# Ford on the verge of comeback



## Fireline20 (Oct 2, 2007)

Just a note for my fellow Ford lovers , they just announced their 1st quarter financials and even though they showed a loss of $1.4 Billion, they cut their money burn for the quarter down to 3.4 Bill from 7.2 Bill the same quarter last year and to quote insiders:

"It (is) more likely that Ford will make through 2009 and beyond with little risk of bankruptcy and no government support," said Bank of America - Merrill Lynch analyst John Murphy in a note to investors. Merrill upgraded the stock from a "neutral" to a "buy."

and

Ford, which is considered much more healthy than its competitors General Motors (GM: 1.67, 0.0483, 2.98%) and Chrysler, said it had more than enough liquidity to last through this financial crisis. The company expects to at least break even on an operating basis by 2011. 

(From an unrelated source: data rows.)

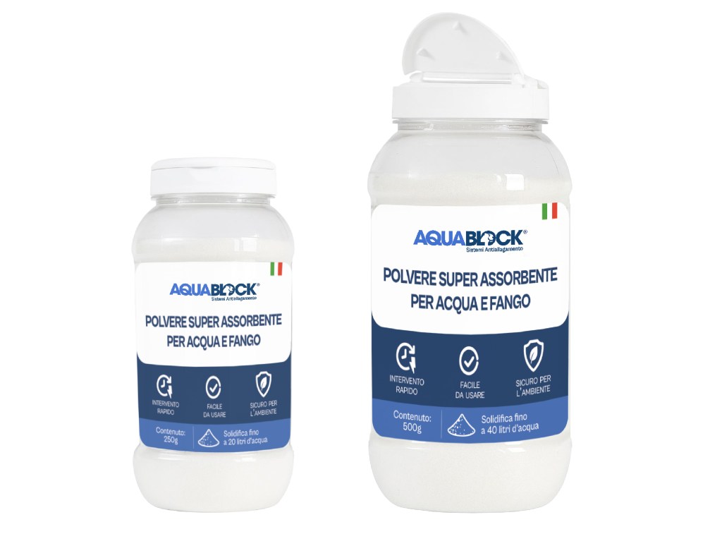 La Polvere Super Assorbente Aquablock si attiva in pochi minuti, trasformando acqua e fango in una massa solida facilmente rimovibile con pala o scopa. È l’ideale per l’utilizzo in garage, magazzini, cantine, spazi tecnici e ambienti industriali, dove velocità e praticità sono fondamentali.
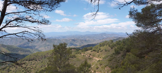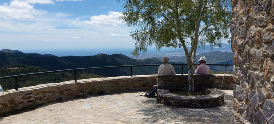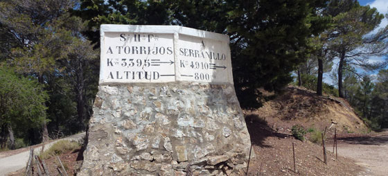 Etter besøket på museet går vi litt tilbake og opp stien der det står: Mirador del Palomar. Her går det oppover forbi miradoren og opp til en bred grusvei der vi dreier til høyre. Nå går det i rask gange rett fram i en knapp time der vi nyter fjelluften og den vakre utsikten over landskapet. På et tidspunkt kommer vi til et stort veikryss der en masse veier møtes. Midt i krysset ser vi en veiviser som ser ut som om den stammer fra Franco-tiden. Det gjør den muligens også, og faktisk er den gamle, opprinnelige skiltingen bevart i hele Montes de Málaga området.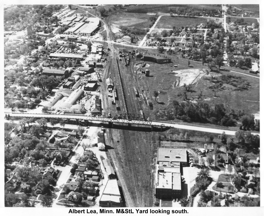 M&StL’s small terminal in Albert Lea is seen below around 1950. Louie had an engine house, a small, active yard, plenty of industry, multiple interchanges, and shared running with the IC. The photo below is from the Doug Harding collection, looking south. The depot can be seen on the left by the overhead bridge.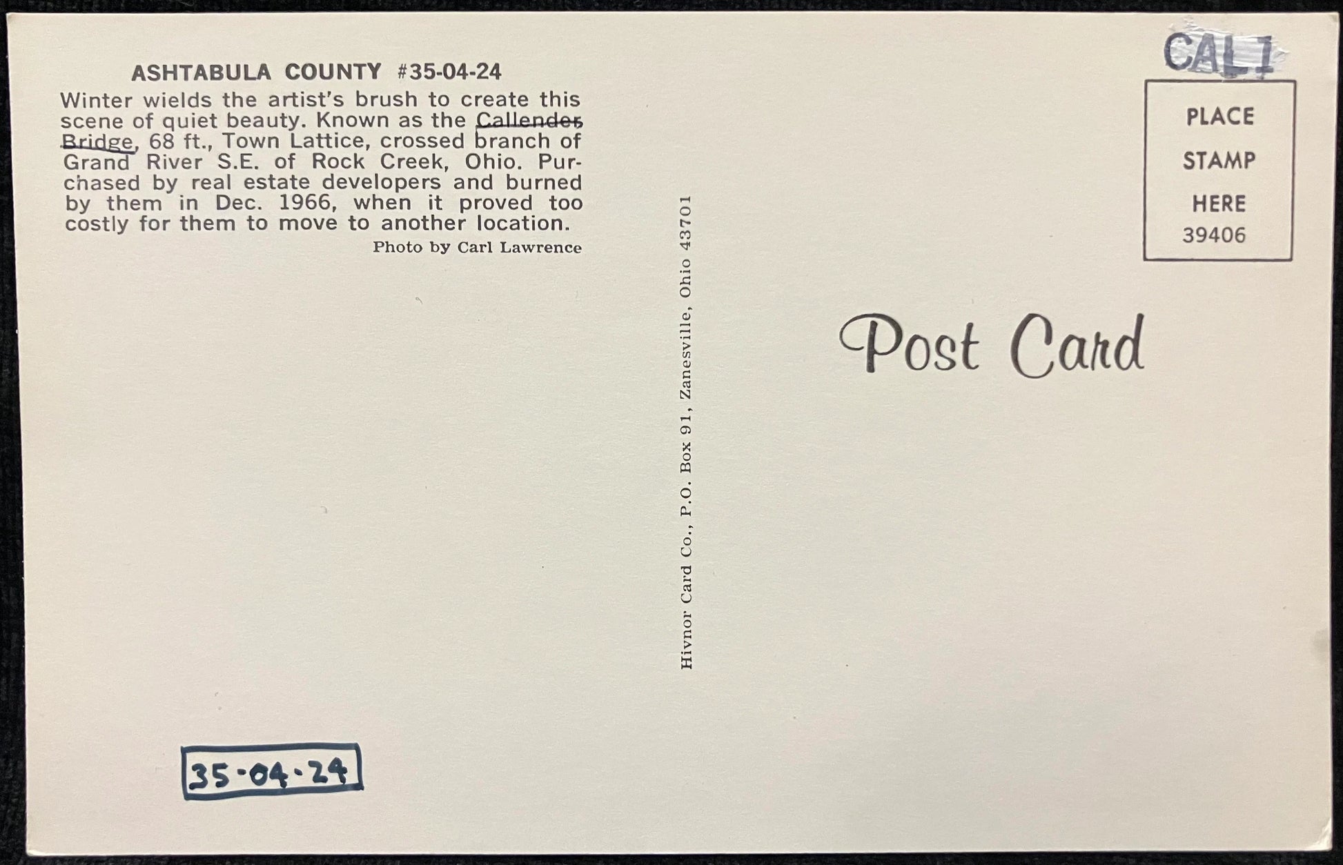 On back: ASHTABULA COUNTY #35-04-24 Winter wields the artist’s brush to create this scene of quiet beauty. Known as the Callender Bridge, 68 ft., Town Lattice, crossed branch of Grand River S.E. of Rock Creek, Ohio. Purchased by real estate developers and burned by them in Dec. 1966, when it proved too costly for them to move to another location.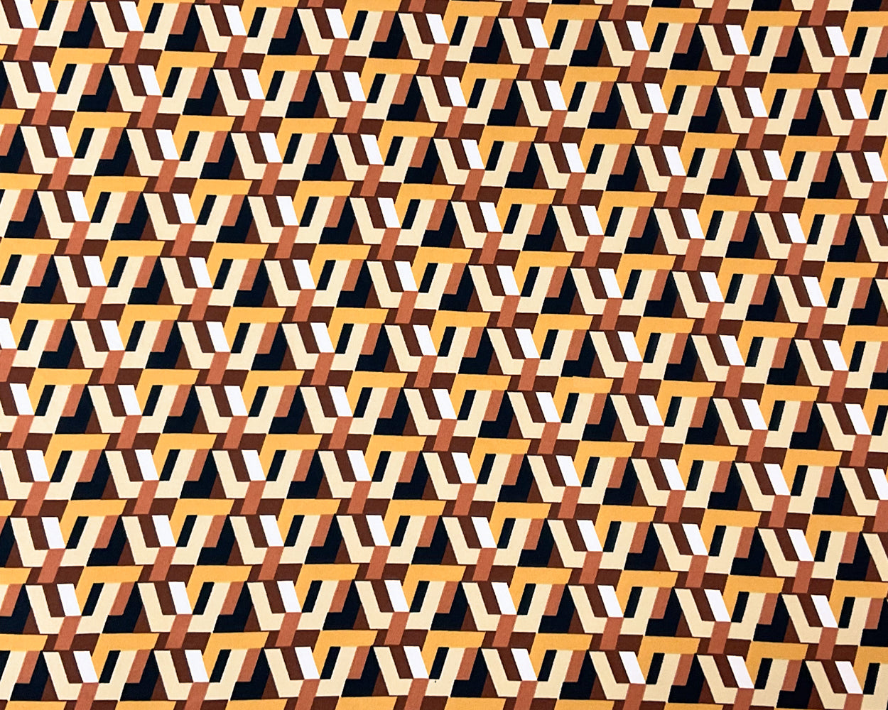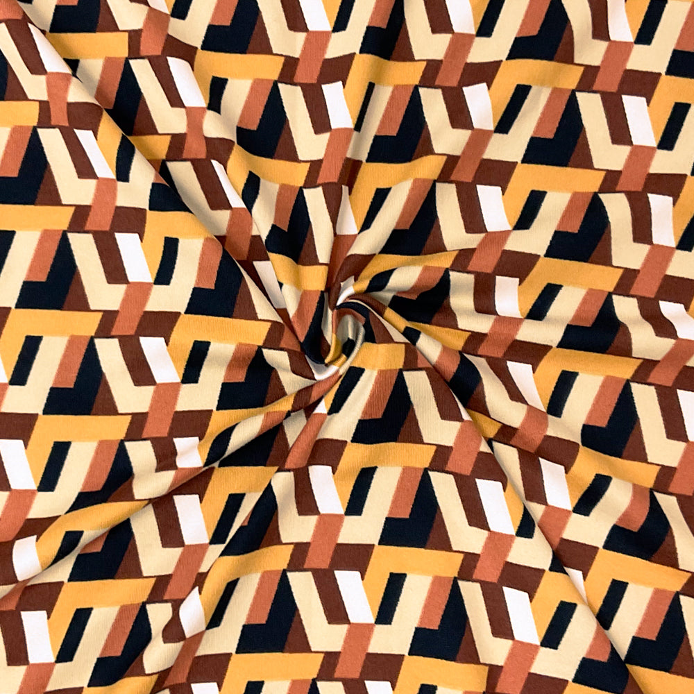 Brown-Multi Poly Spandex Stretch Geometric Printed Brush Jersey Knit Fabric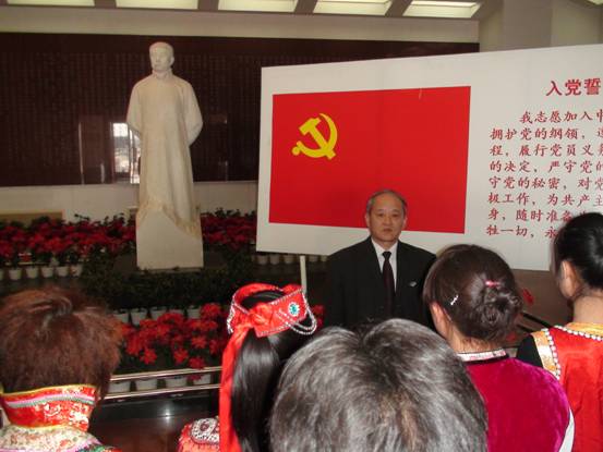 参观学习结束后,李刚书记作了总结。他指出:在我校深入学习实践科学发展观之际,直属党支部经过认真研究做出了组织这次参观学习的决定,体现了直属党支部对学生党员的关心和爱护,体现了对学生党员学习和教育工作的重视。希望同志们要牢记先烈遗志,发扬革命精神和优良传统,在工作和学习中要切实发挥好党员先锋模范带头作用,时时处处体现出共产党员的先进性,学好科学本领,将来为民族的团结,西部的发展,边疆的稳定,祖国的繁荣贡献自己的一份力量。全体党员同志还在革命先驱李大钊同志的塑像前三鞠躬以示缅怀之情,并合影留念。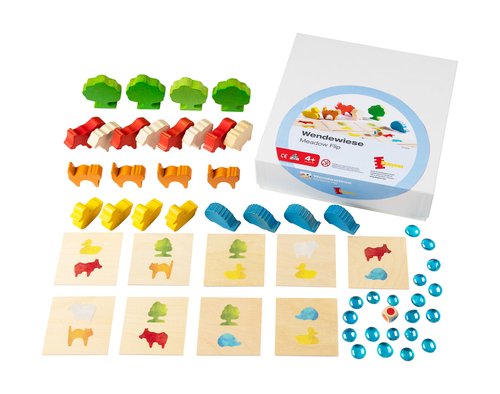 9 beidseitig bedruckte Karten, Birkensperrholz, 24 Aufstellfiguren (je Motiv 4 Stück), Buche bunt gebeizt + lackiert, 20 Glasnuggets, 1 Farbwürfel Kantenlänge Holzkarte 8 cm, Kantenlänge Würfel 1,5 cm, Glasnugget ca. Ø 1,8 cm, Baum 6 cm.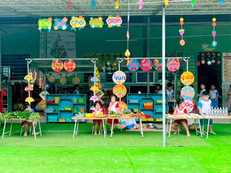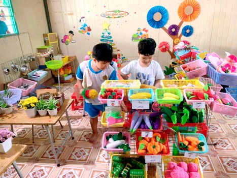 Với phong trào “Xây dựng trường học thân thiện, học sinh tích cực”, cán bộ, giáo viên nhà trường tích cực sáng tạo trong việc làm đồ dùng, đồ chơi ứng dụng vào giảng dạy và phục vụ hoạt động của trẻ. Nhờ sự khéo léo, các cô giáo đã biến những vật dụng như: lốp xe, chai lọ, bìa carton thành những đồ dùng dạy học hữu ích. Thực hiện lời Bác dạy, công tác chăm sóc sức khỏe của các cháu học sinh được nhà trường thực hiện song song với việc giáo dục trẻ. Ngoài việc hàng năm 100% trẻ được cân đo, theo dõi biểu đồ tăng trưởng thì đội ngũ nhân viên nuôi dưỡng luôn thực hiện nghiêm túc nội quy bếp ăn, bảo đảm vệ sinh an toàn thực phẩm. Thực đơn mỗi ngày của trẻ được thay đổi thường xuyên và niêm yết công khai tại bảng tin của nhà trường.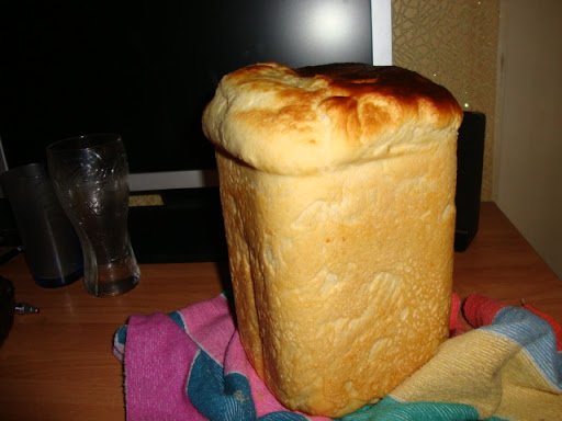Ей го, първият ми хляб, опря в капака, та допичах на горен реотан в печката. Хем изпуснах пакетчето с мая, та половината се изсипа на земята и само с половин пакетче мая месих и пак опря.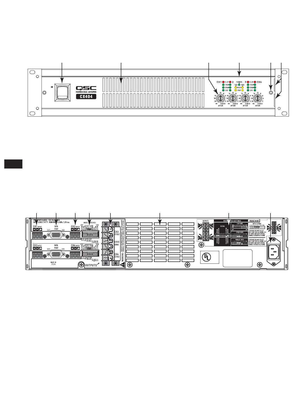 (Se muestra el modelo CX404 en la Figura 2; otros modelos son similares; los modelos de 2 canales también están equipados con entradas XLR)

Ford's better than expected earnings come on the heels of reports late this week that Chrysler is now within days of filing for a government-sanctioned bankruptcy. A bankruptcy for General Motors has become also a distinct possibility as well - both events Merrill's Murphy sees as a competitive "gain" for Ford.

So all you GM'ers and Dodge Truck owners, time to sell and buy an Explorer

Here is the link to the story on Fox http://www.foxbusiness.com/story/markets/industries/industrials/ford-reports-b-loss-beat-estimates/


----------



## fish bucket (Dec 5, 2002)

great news for lovers of the blue oval!


----------



## GreenFord (Apr 11, 2009)

I've been watching and love to give my GM friends grief about thier Government Motor Company trucks...lol


----------



## hamlet (Sep 4, 2007)

of course the brokers rate it a buy now at $5.
They loaded up on shares when it was $1 and $0.75.

They need someone to sell into.

Same ol game.

It will go higher than $5. But at current prices it a 4-bagger or 6-bagger for the risk tolerant and the brokers. A 4-bagger from here means $20. We will wait quite a while for that price.


----------